WORK ITEM: Would you give again, exactly as written, the lines from the opening of the records to the line with "3. 육수는 냉동실에 잠시 넣어 살얼음이 생길 정도로 차갑게 만든다.", that line included and pictures excluded?

PROVIDED RECORDS:

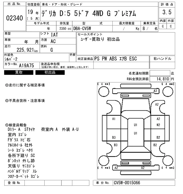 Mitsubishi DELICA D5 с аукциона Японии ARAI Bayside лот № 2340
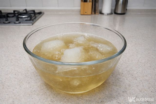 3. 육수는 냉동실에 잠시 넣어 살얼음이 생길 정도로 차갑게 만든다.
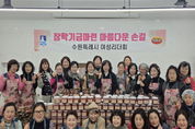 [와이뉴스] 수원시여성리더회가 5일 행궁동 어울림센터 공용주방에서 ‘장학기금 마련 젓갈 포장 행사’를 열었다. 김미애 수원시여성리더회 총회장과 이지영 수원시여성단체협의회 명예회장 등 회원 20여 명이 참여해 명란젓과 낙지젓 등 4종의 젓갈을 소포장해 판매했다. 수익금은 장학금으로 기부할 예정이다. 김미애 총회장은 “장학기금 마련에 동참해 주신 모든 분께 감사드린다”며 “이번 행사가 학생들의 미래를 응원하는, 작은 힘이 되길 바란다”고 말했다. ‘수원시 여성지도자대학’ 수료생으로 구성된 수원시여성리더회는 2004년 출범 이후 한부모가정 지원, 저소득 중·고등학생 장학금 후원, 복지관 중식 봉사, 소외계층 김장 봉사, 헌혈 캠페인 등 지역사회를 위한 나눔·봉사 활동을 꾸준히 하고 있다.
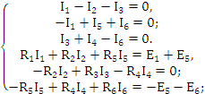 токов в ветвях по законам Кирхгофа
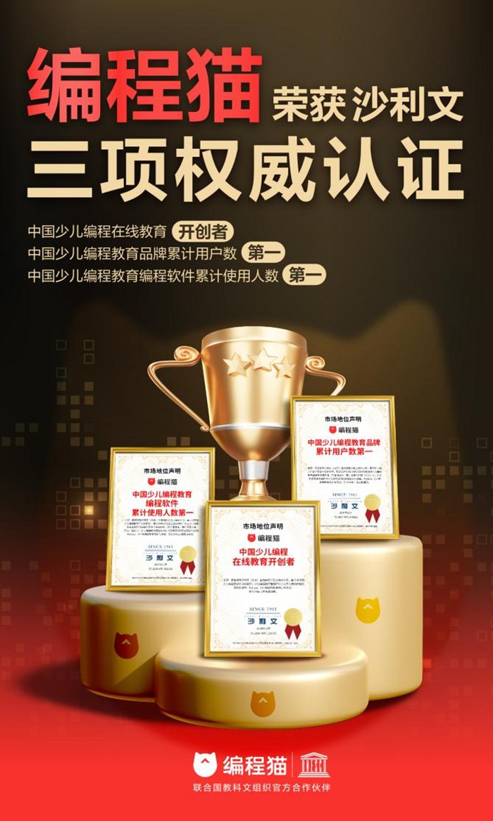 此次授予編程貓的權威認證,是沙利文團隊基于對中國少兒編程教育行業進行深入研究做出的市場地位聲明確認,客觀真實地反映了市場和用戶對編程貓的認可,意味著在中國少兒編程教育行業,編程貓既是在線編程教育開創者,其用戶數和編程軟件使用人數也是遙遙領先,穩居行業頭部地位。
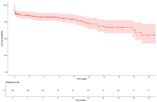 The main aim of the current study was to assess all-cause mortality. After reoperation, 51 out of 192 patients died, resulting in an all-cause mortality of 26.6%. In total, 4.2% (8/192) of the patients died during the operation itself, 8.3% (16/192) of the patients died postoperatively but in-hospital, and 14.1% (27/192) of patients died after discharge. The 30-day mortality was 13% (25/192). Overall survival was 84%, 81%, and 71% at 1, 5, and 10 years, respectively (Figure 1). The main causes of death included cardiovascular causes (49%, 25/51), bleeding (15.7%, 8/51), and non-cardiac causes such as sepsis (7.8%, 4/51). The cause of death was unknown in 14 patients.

SOLUTION FOR THIS EXERCISE:
 Mitsubishi DELICA D5 с аукциона Японии ARAI Bayside лот № 2340
 3. 육수는 냉동실에 잠시 넣어 살얼음이 생길 정도로 차갑게 만든다.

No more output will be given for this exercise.